How to quickly write data to Elasticsearch using Spark

December 30, 2021 · 6 min read

When it comes to writing data to Elasticsearch, the first thing that comes to mind must be Logstash. Logstash is accepted by the majority of users because of its simplicity, scalability, and scalability. However, the ruler is shorter and the inch is longer, and Logstash must have application scenarios that it cannot apply to, such as:

Massive data ETL
Massive data aggregation
Multi-source data processing

In order to meet these scenarios, many students will choose Spark, use Spark operators to process data, and finally write the processing results to Elasticsearch.

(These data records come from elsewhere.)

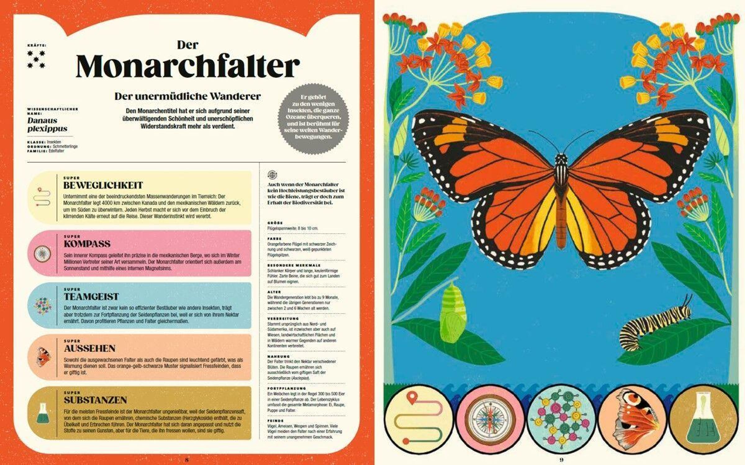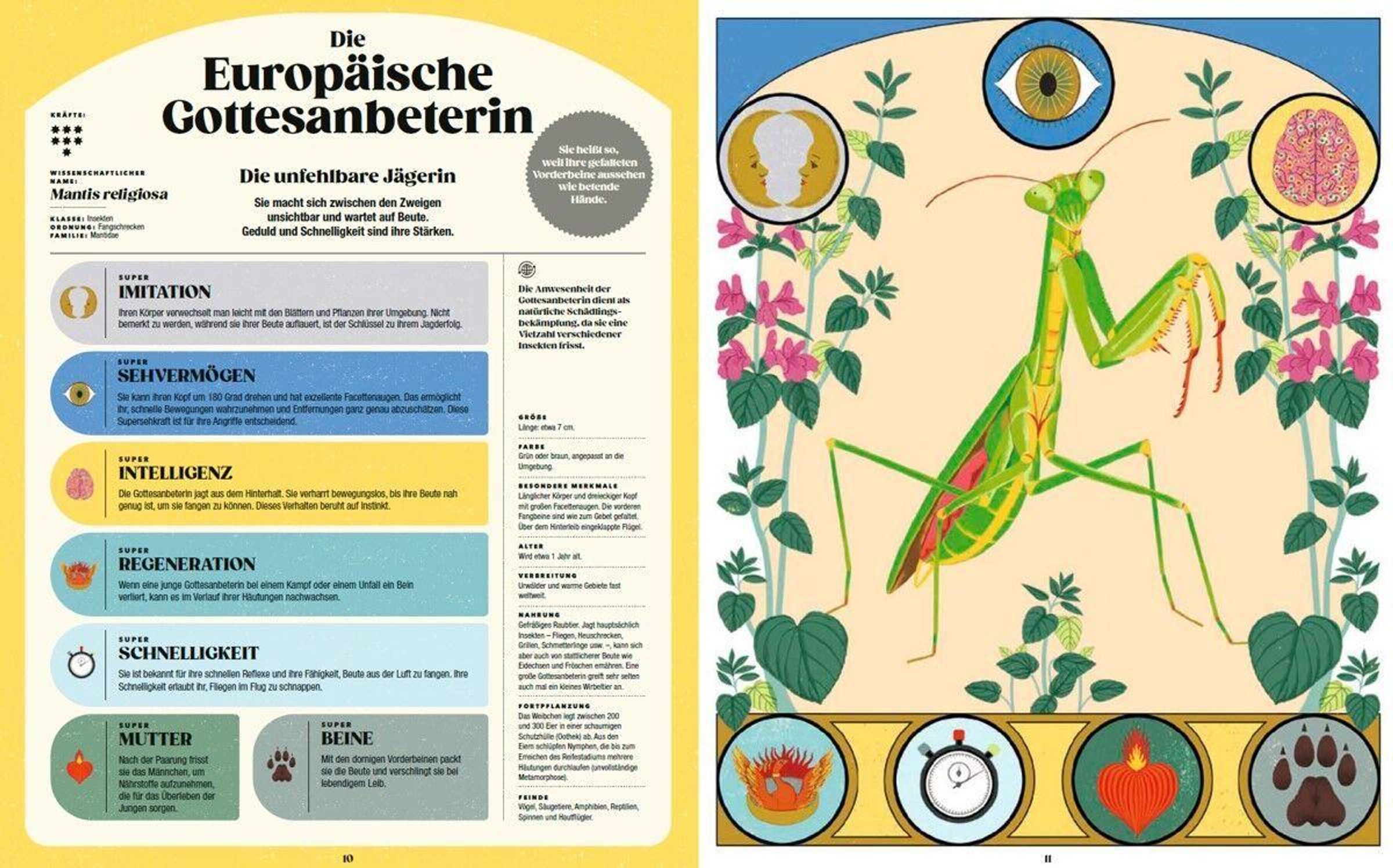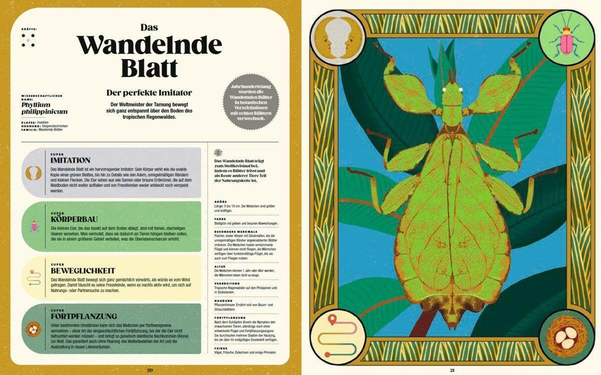 In diesem stilvoll gestalteten Buch lernen Kinder außergewöhnliche Insekten und ihre besonderen Fähigkeiten kennen. Es werden 22 Superkräfte wie "Superschnelligkeit", "Supersensoren" oder "Superanpassung" vorgestellt und den Insekten zugeordnet. Außerdem hat jedes Insekt eine Punktzahl, die anzeigt, wie stark es ist. So entdecken junge Tierforscher*innen spielend 22 erstaunliche Insekten und ihre Eigenschaften.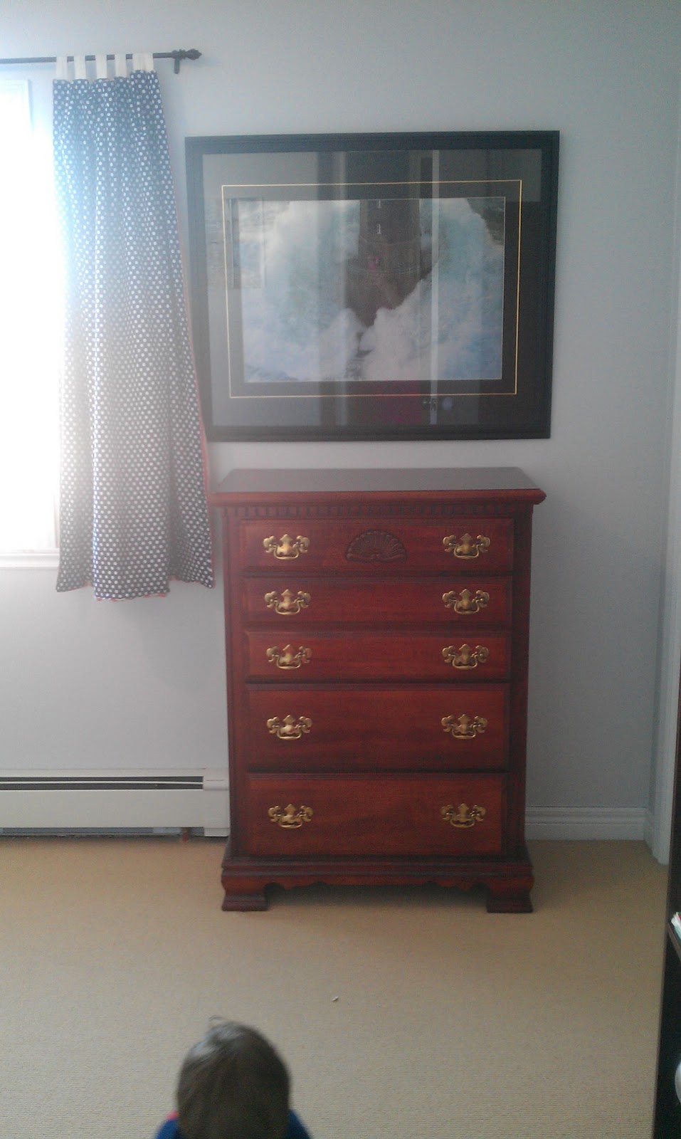 I don’t have a photo of this, but his dresser had been in our bedroom since the Great Climbing The Dresser and then Crashing It Down On Top of Him Debacle of 2012.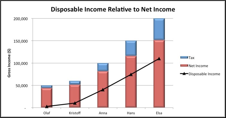 Kristoff represents the standard, Olaf is below, the rest above. The typical interpretation of a graph like this is for someone to say, “See how much more Elsa has taken from her than Olaf!? Stop over-taxing the rich.”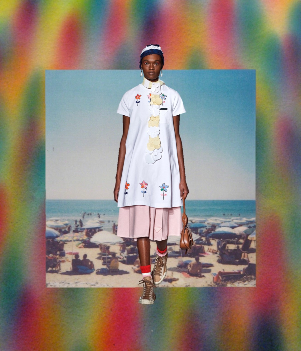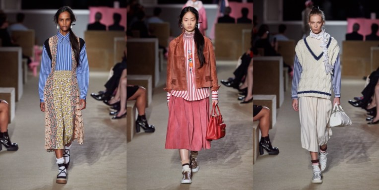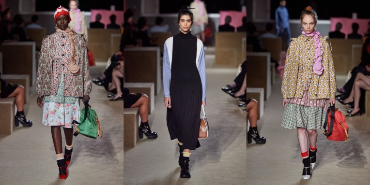 Retro florals, smart layering, scarves bejewelled with XXL sequins, baroque pearl earrings, chunky hand-knit tennis vests, clashed prints. Carefree eclecticism that isn’t overly extravagant, but daringly fantastic for everyday. It seemed that Miuccia Prada resorted to simpler, easier codes of fashion, leaving the darkness of last season behind. But in a way, this was Prada’s defiance in the time of difficulties. The collection, staged in New York (just like last year), was pure joy, whether we’re speaking of a blue peasant shirt-dress with naive flower embroideries worn by Freja Beha or adorable, knitted striped beanies and socks in bold colours, paired with the most ‘unmatching’ looks. There were also looks that will comfort the safer Prada customers, like light, loosely tailored blazers and classic coats. For me, what stood out in this collection, was the number of possibilities, suited for many different personalities. While the last few collections from Prada had those two or three key looks that ruled the runway, and had a tendency to be polarised between super feminine and super dark, here the designer really emphasised that sort of off-the-fashion-show reality. Take what you love, mix it the way you feel like.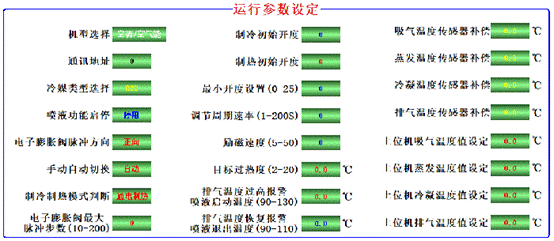 動(dòng)畫(huà)模式:觸摸屏或軟件連接模式下:可顯示壓縮機(jī)排氣溫度、吸氣溫度、冷凝溫度、蒸發(fā)溫度,可根據(jù)溫度實(shí)時(shí)調(diào)節(jié)機(jī)組過(guò)冷度。過(guò)熱度。

Our department used Spark to analyze Nginx logs, counted our web service access, aggregated Nginx logs every minute and finally wrote the results to Elasticsearch, and then used Kibana to configure real-time monitoring of the Dashboard. Both Elasticsearch and Kibana are convenient and practical, but with more and more similar requirements, how to quickly write data to Elasticsearch through Spark has become a big problem for us.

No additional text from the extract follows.